Source records:
────────────────
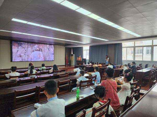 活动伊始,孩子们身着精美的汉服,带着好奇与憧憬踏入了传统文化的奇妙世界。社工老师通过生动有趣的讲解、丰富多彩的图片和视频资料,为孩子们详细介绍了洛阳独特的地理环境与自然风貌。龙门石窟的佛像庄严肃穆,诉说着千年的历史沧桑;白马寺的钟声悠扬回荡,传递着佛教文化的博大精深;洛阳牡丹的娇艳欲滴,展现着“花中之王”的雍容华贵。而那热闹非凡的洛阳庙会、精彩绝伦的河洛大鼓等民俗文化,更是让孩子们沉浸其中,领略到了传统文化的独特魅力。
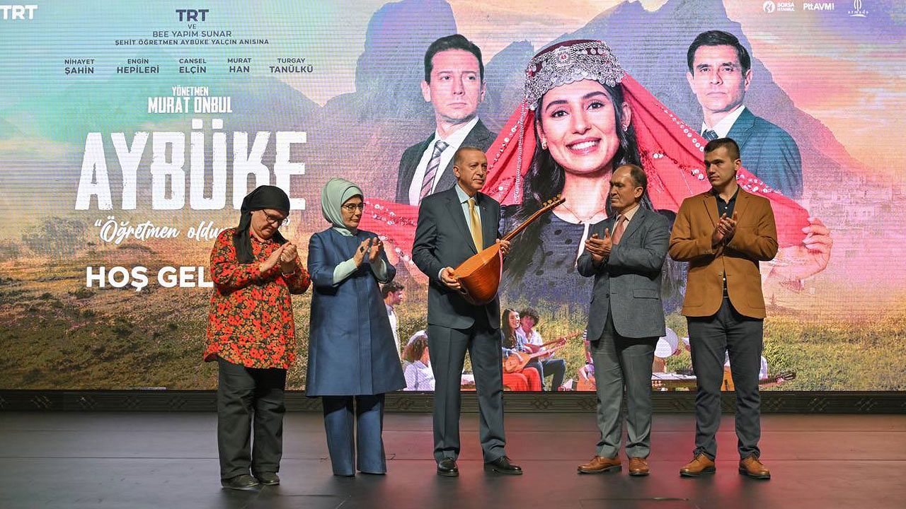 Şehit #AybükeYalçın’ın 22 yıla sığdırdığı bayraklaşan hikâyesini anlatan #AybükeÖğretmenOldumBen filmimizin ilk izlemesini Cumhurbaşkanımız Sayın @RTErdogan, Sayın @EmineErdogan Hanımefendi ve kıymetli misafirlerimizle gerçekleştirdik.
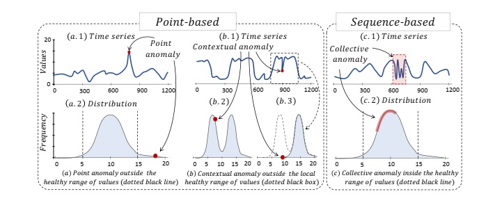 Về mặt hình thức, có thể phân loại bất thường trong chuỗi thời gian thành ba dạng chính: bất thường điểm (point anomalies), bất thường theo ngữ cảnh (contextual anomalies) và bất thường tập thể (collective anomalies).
────────────────
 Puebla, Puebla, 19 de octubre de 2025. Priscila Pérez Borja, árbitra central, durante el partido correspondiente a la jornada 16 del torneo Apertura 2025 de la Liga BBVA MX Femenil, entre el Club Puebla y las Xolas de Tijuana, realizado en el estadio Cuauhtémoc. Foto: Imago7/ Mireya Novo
────────────────
Task item: Reproduce, word for word, only the lines in the records above from the line with "Şehit #AybükeYalçın’ın 22" through the line with "Về mặt hình", including both ends; omit the pictures.

Exercise response:
 Şehit #AybükeYalçın’ın 22 yıla sığdırdığı bayraklaşan hikâyesini anlatan #AybükeÖğretmenOldumBen filmimizin ilk izlemesini Cumhurbaşkanımız Sayın @RTErdogan, Sayın @EmineErdogan Hanımefendi ve kıymetli misafirlerimizle gerçekleştirdik.
 Về mặt hình thức, có thể phân loại bất thường trong chuỗi thời gian thành ba dạng chính: bất thường điểm (point anomalies), bất thường theo ngữ cảnh (contextual anomalies) và bất thường tập thể (collective anomalies).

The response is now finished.